Magazine publishers see print sales boost due to coronavirus
Magazine publishers got an unexpected boost to their newsstand sales last month — thanks to all the coronavirus panic buying, Media Ink has learned.
Executives at a slew of publishers, including Condé Nast, Meredith and Hearst, say COVID-19 hoarding actually helped boost March sales as shoppers looking to buy whatever they might need to shelter in place added glossies into their carts.
“Sales were up across our portfolio from supermarkets, Target and Walmart,” Doug Olson, the president of People and In Style parent Meredith Magazines, said of sales in the second and third week of March.
In the last week of March — as more states began enacting stay-at-home orders on a rolling basis and store foot traffic declined — sales slowed, Olson said. Still, the earlier lift led to unexpectedly strong newsstand sales in March, he said.
One source said mag sales across the industry jumped 3 percent in mid-March at Target and Walmart — and a whopping 12 percent at supermarkets.

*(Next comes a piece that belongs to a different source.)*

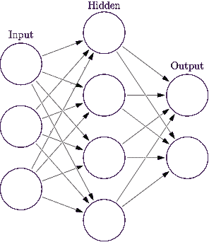 这个网络是分层分布的,每一层都包含许多神经元,这些神经元与前一层的所有神经元相连。 它总是有一个输入层和一个输出层,输入层通常由描述输入图像或数据的要素组成,输出层通常由分类结果组成。 其他中间层称为隐藏层。 下图显示了一个基本的三层神经网络,其中输入层包含三个神经元,输出层包含两个神经元,一个隐藏层包含四个神经元:

“We’ve seen similar numbers,” said a spokesman for Condé Nast, publisher of The New Yorker and Vogue.
Hearst, which counts Cosmopolitan as its biggest newsstand title, also saw an uptick in newsstand sales in mid-March, according to Troy Young, president of Hearst Magazines. “I think subscriptions have been strong for everybody,” he said.

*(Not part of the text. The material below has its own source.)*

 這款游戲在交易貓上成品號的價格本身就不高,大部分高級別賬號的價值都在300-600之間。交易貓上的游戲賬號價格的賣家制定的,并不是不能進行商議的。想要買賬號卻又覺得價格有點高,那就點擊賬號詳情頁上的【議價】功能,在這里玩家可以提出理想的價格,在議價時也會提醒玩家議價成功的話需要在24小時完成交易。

One recent survey said 70 percent of consumers are worried about printed magazines carrying the virus, but mag executives told Media Ink that shelter-in-place orders have boosted both their print and digital subscriptions.
“Eighty five percent of all our magazines are delivered in polybags, so it has not been touched by anyone,” Olson said. “Renewals have been strong,” he added.

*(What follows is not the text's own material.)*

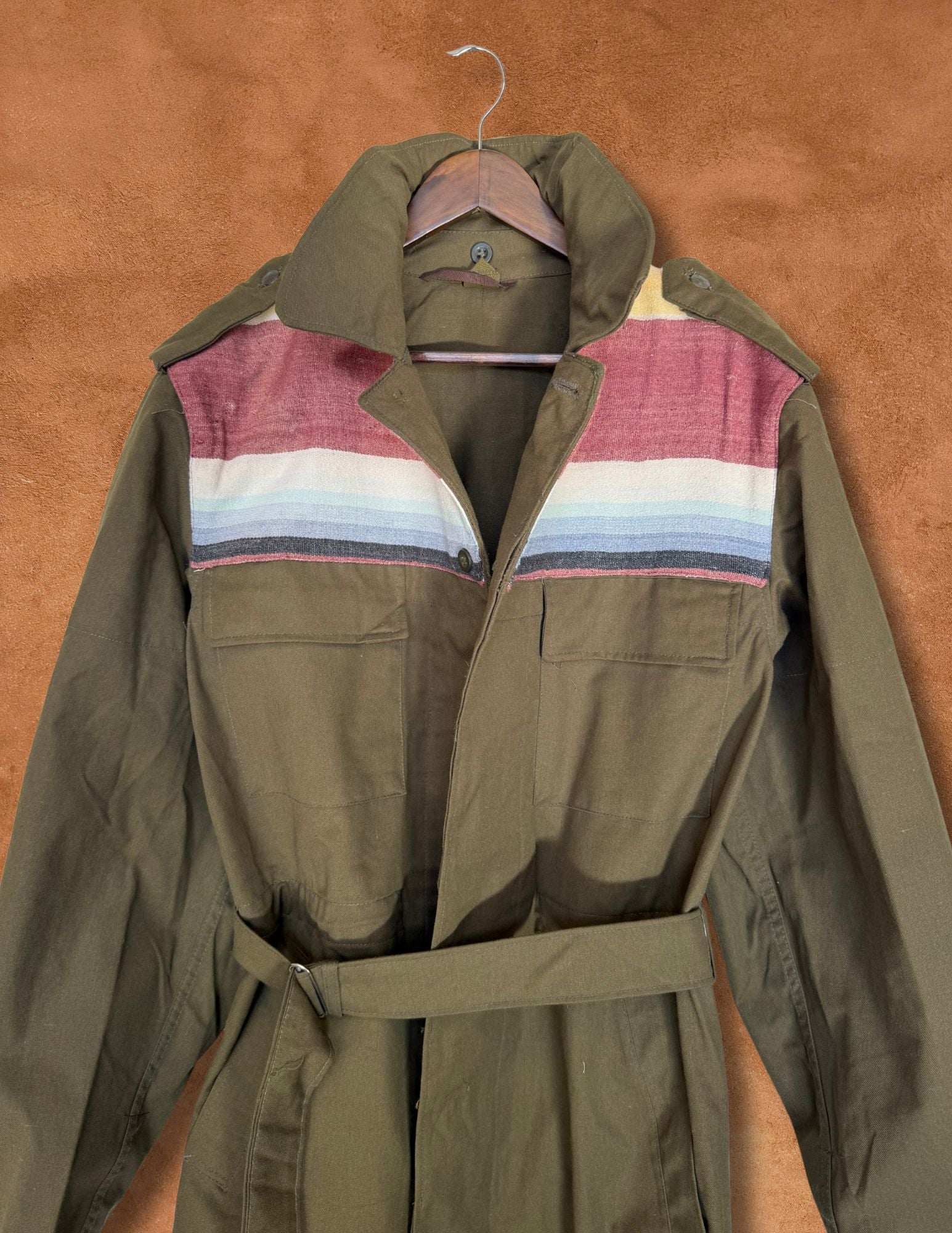 A classic reimagined — this one-of-a-kind military field jacket has been revived with midcentury wool blanket detailing, bringing warmth, texture, and heritage craftsmanship to utilitarian design.

Meredith’s direct-mail campaigns, hatched long before the coronavirus took hold but mailed during the crisis, have also helped, Olson said.
Young at Hearst said digital traffic, even for the lifestyle and fashion titles, has been up “30 percent year over year.” Still, he might tinker with print frequencies down the road, primarily because advertising is a big question mark.
“What’s not holding up for anybody is advertising,” said Young. “How much will it be down — 10 percent, 20 percent, 30 percent?”
Monthly magazines had already sold the ads for the May issues prior to the pandemic, so the slowdown is expected to start showing in the June issues. Some advertisers have pulled back completely, while others are trying to recalibrate their messages.
“The thing that will be really hard is if it extends into the fourth quarter,” Young said.